Маленький это был человек, меньше даже, чем я, зато шире в плечах. И старше Бена, хотя и ненамного. Весь какой-то мягкий, даже с лица. Такую мягкость я побью, ежели придется.
– Да, – кивнул он, – может, и побьешь.
– Ты кто такой? – повторил я.
– Кто я? – негромко повторил он и повысил голос, словно собирался кого-то сыграть. – Я – Кон Леджер, мальчик мой. Мэр Убежища. – Он растерянно улыбнулся. – Но точно не мэр Нового Прентисстауна.
Покачал головой, глядя на меня.
– А ведь мы даже начали давать беженцам лекарство, когда они к нам хлынули.
Тут до меня дошло, што на лице у него никакая не улыбка, а гримаса.
– Бог ты мой, мальчик, – сказал он. – Какой же ты Шумный.
– Я тебе не мальчик, – заявил я, но кулаков не опустил.
– Честно признаться, не вижу в твоем замечании ни малейшего смысла.
Я мог бы ему сказать десять миллионов разных вещей, но любопытство решительно протолкалось вперед.
– Так лекарство все-таки есть? Лекарство от Шума?

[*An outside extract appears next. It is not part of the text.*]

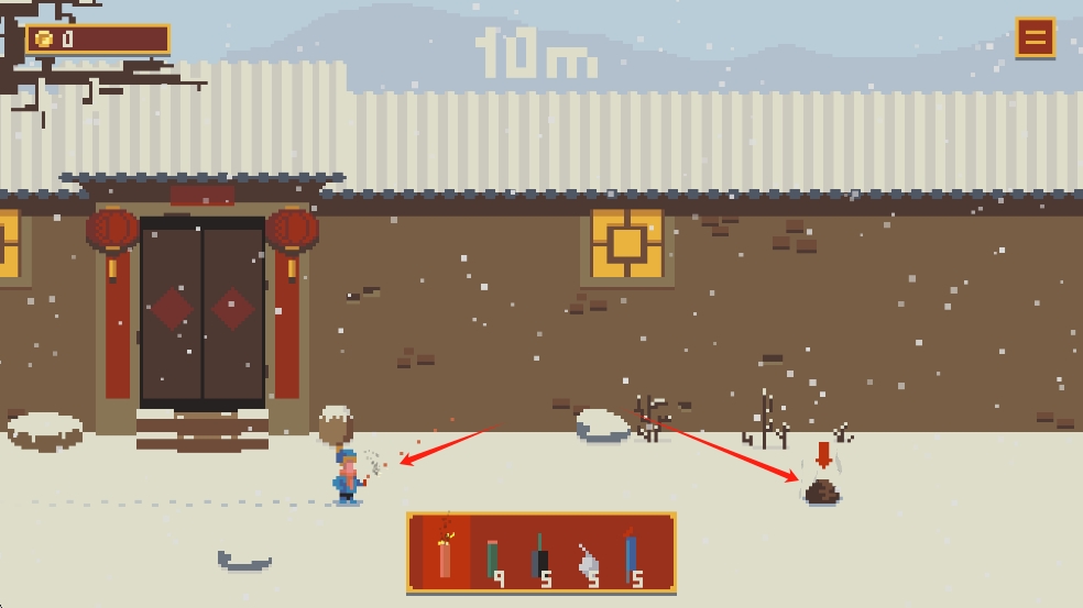 2、然后我们选择下方道具栏的物品,对目标区域使用,清理障碍或完成任务,获取金币,提升行进距离。

– Конечно. – Он слегка поморщился, глядя на меня, словно попробовал што-то гадкое. – Одно местное растение с натуральным нейрохимикатом в составе, плюс еще несколько веществ, которые можно синтезировать, и пожалуйста. Новый свет наконец-то погрузился в тишину.
– Но не весь Новый свет.
– Разумеется, нет. – Он отвернулся посмотреть в прямоугольную бойницу, руки за спиной. – Его, между прочим, нелегко изготовить. Процесс долгий, медленный. Мы его довели до ума только в конце прошлого года – и это после двадцати лет непрерывных попыток. Мы сделали достаточно для себя и уже как раз собирались начать экспортировать, когда…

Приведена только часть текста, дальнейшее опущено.